If you compile that with something like “g++ -O2 -ftree-vectorize -ftree-vectorizer-verbose=7 -S -c vec.cpp” you’ll probably get the following out of the vectorizer:

vec.cpp:15: note: versioning for alias required: can't determine dependence between *D.2078_11 and *D.2077_7
vec.cpp:15: note: mark for run-time aliasing test between *D.2078_11 and *D.2077_7
(... A lot more of output we don't care about right now ...)

That’s a funny little message. And if you now check the assembly output, you’ll see it’s much more complex than what you could have expected. What’s going on?

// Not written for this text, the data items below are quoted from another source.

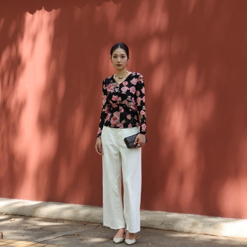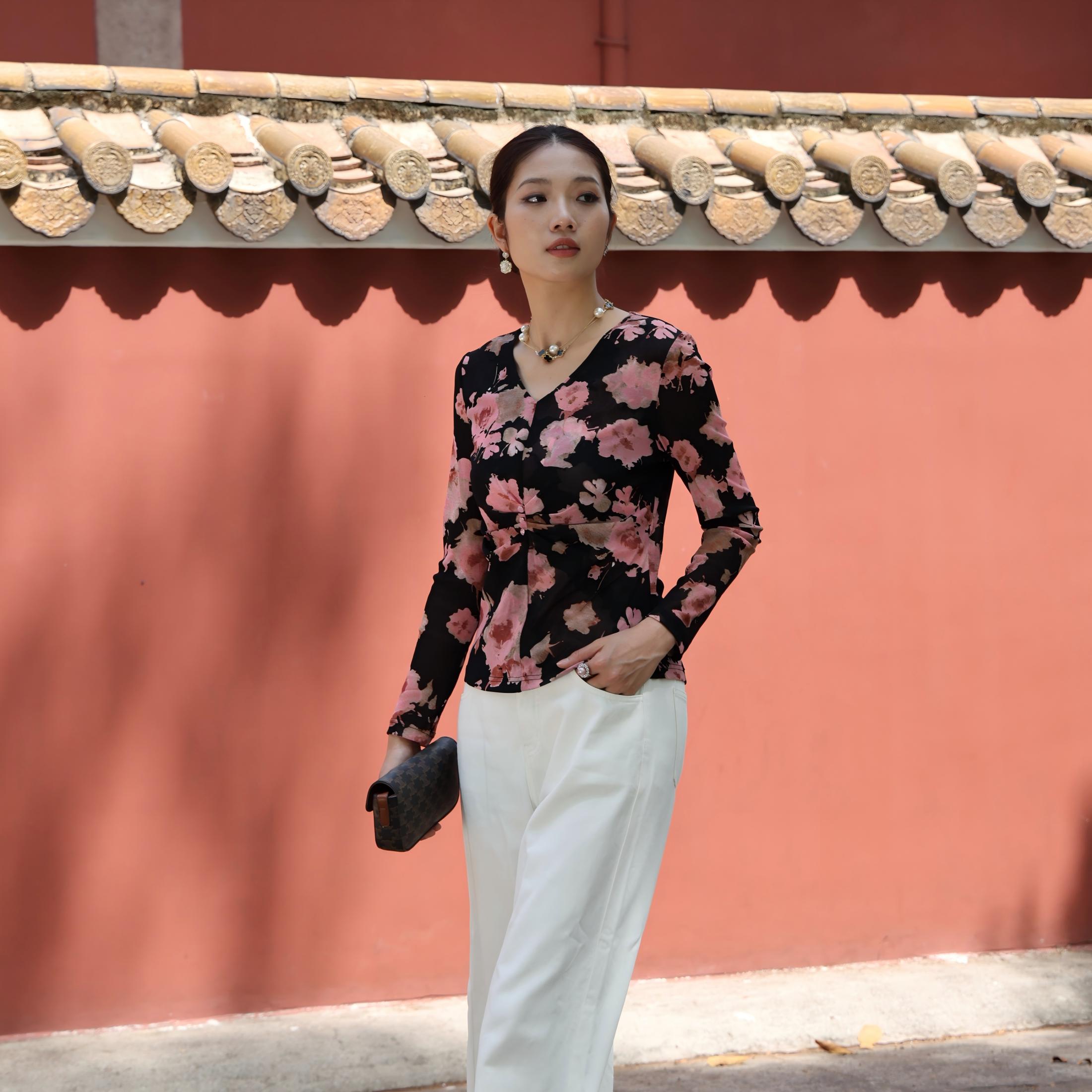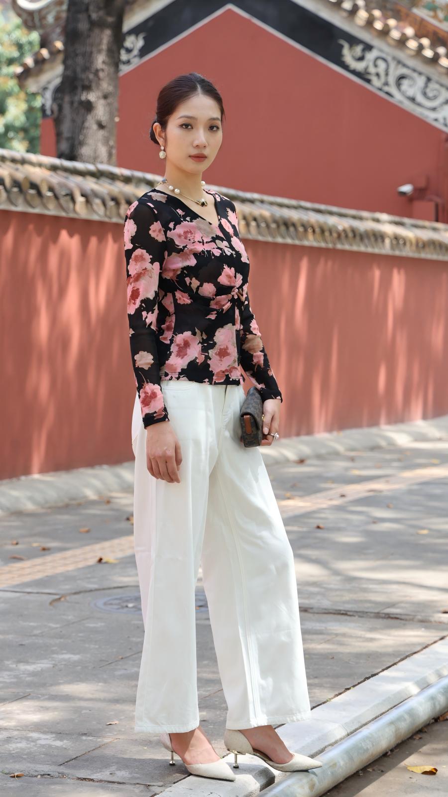 “《花间集》~秋海棠”主题款水红色T恤HJ3T50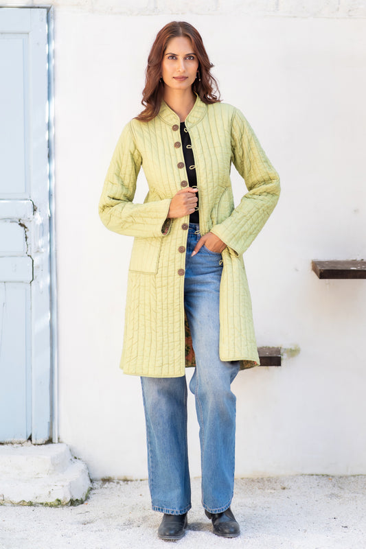 Green Yellow Folded Sleeves Quilted Coat-NVQJ632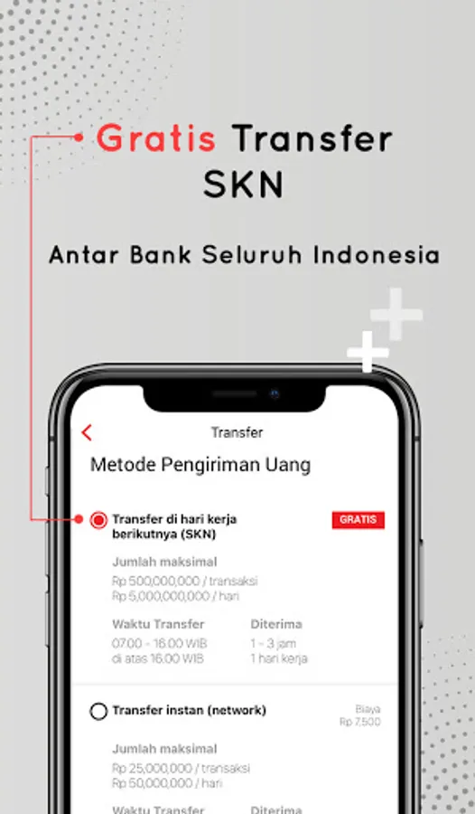 Get FREE transfer to other banks via national clearing system (Sistem Kliring Nasional). You can also use the other intra bank or inter bank transfer services (RTGS, and ATM network / RTOL), as well as the same foreign currency transfer.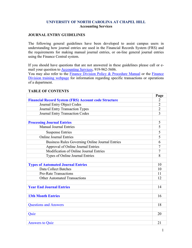 Journal Entry Guidelines The University Of North Carolina At Manualzz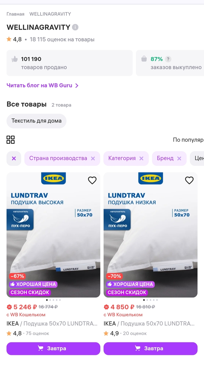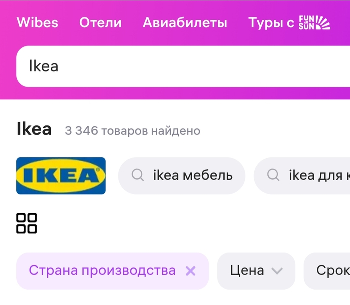 Таких товаров на Wildberries много, достаточно написать в поиске IKEA и выбрать в фильтре страну производства Россия. Мы нашли больше 3 тысяч товаров. Наверное в момент ухода Икеи из России многие запаслись на годы вперёд. Шутка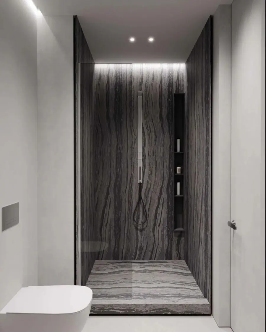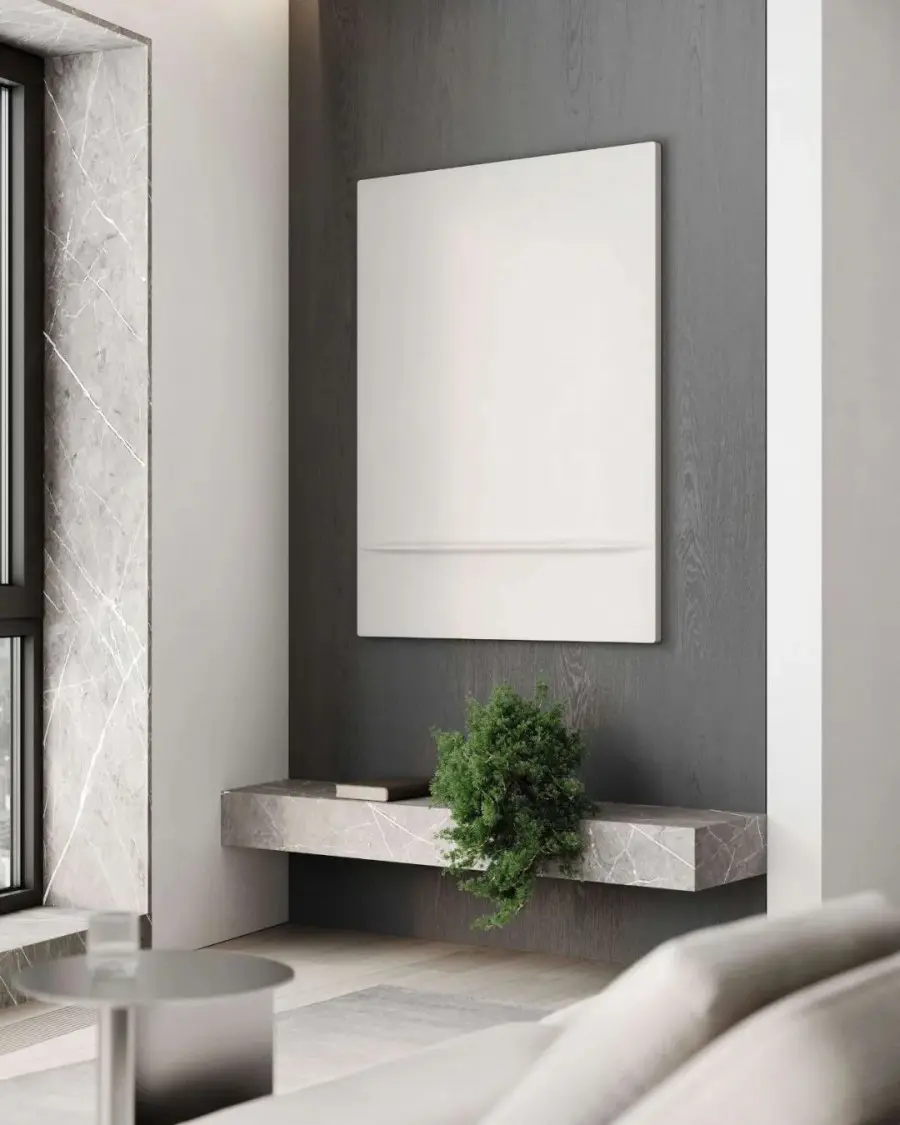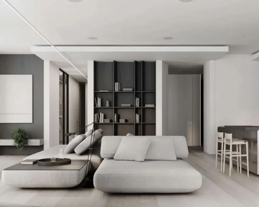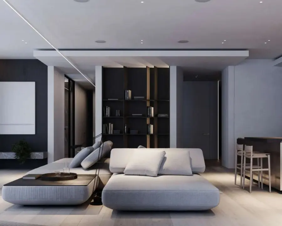 灰白的底色中,温润木材元素构建起冷暖平衡的空间韵律,再加上材质和灯光的运用凸显,使整个公寓质感与舒适度得到结合。
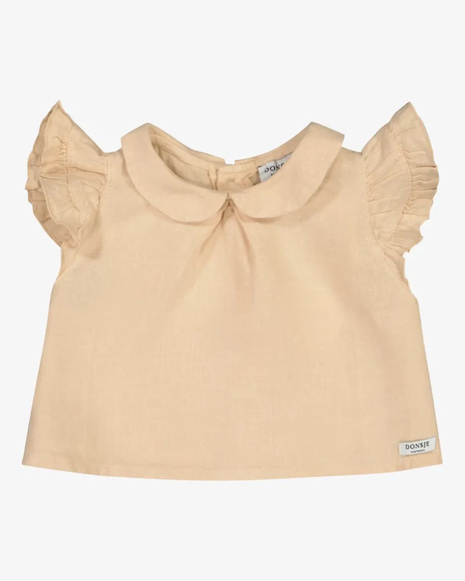 Mimi Baby-Leinen-Bluse von Donsje in Apricot. Die reine Leinen-Qualität verleihtdem Modell eine charmante Optik, während die Volants und der Bubi-Kragen dasModell niedlich vollenden.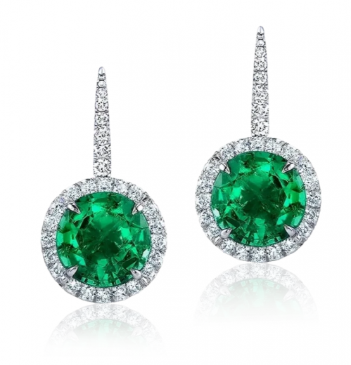 The earrings are made of 750 white gold. 2 round-cut emeralds weighing 4.40 — 3.97 carats. Vivid Green (CE(O):Minor). Certificates GRS2024-060489/GRS2024-058359. 58 Round-cut diamonds with a total weight of 1.24 carats. F-G/VS.
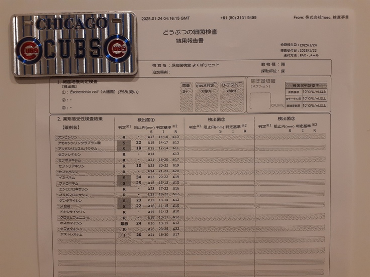 感受性のある抗生剤なども調べていましたがたまたま前回変更していただいた抗生剤が合っていたようで改善されたとのことです。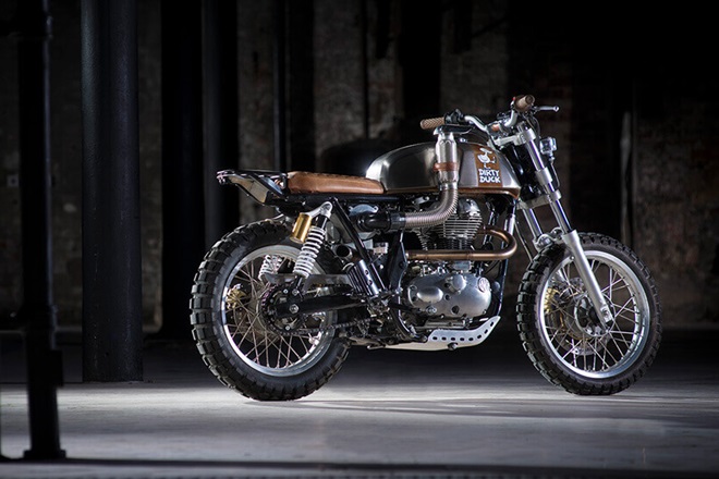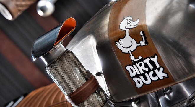 The unique appeal and name of the motorcycle come from the snorkel, which has been handcrafted by the extraordinary craftsmen at Harris Performance. Additionally, the airbox has been modified to allow the passage of the straight-through exhaust, which makes the modified Continental GT Dirty Duck sound several times more than its capacity.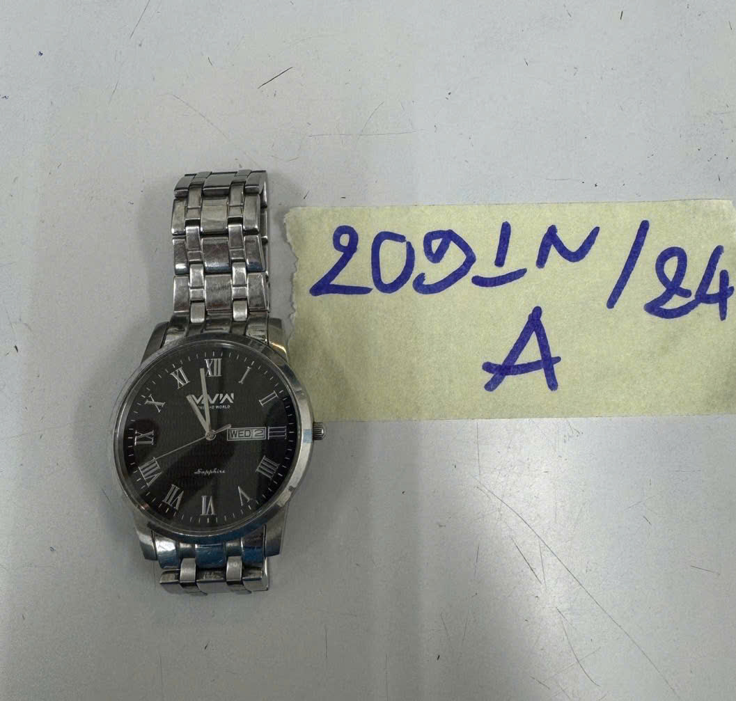 Ngày tiếp nhận: 04/12/2024 Mã hồ sơ: 2091N2024A Mô tả: 01 đồng hồ kim loại màu bạc, mặt hình tròn có chữ MVW. |

Let’s start by figuring out what “dependence between *D.2078_11 and *D.2077_7” means. Where do those strange names come from? If you spend some time digging through gcc assembly, you’ll soon notice that those are the kind of names gcc’s backend uses to referr to variables. In fact, you can compile with “-fverbose-asm” and a comment will be placed for each variable access: D.2078 and D.2077 refer to the two input parameters that test receives. And gcc is telling us that it can’t determine whether there is a dependency between them or not, so it got marked for “run-time aliasing test”.

Pointer aliasing is what happens if two pointers may overlap. For example:

int sum(int *x, int  *y) {
    for (unsigned i=0; i<3; ++i) {
        int n = x[i];
        x[i] = n + y[i];
    }
}

That looks like a simple function. Until we call it like this:

int main() {
    int x[] = {1, 2, 3, 4, 5, 6};
    int *x1 = &x[1];
    int *x3 = &x[3];
    sim(x1, x3);
    return 0;
}

Here it’s quite clear that for “sum”, x and y might overlap. If the elements are processed one by one (like C’s abstract machine says it should be done) all is quite clear and we don’t care too much whether the elements overlap or not, their result will always be the same and will always be defined. If, however this changes and we intend to vectorize this function, a problem arises: if we process by chunks, instead of processing by elements, the behavior of sum would suddenly change!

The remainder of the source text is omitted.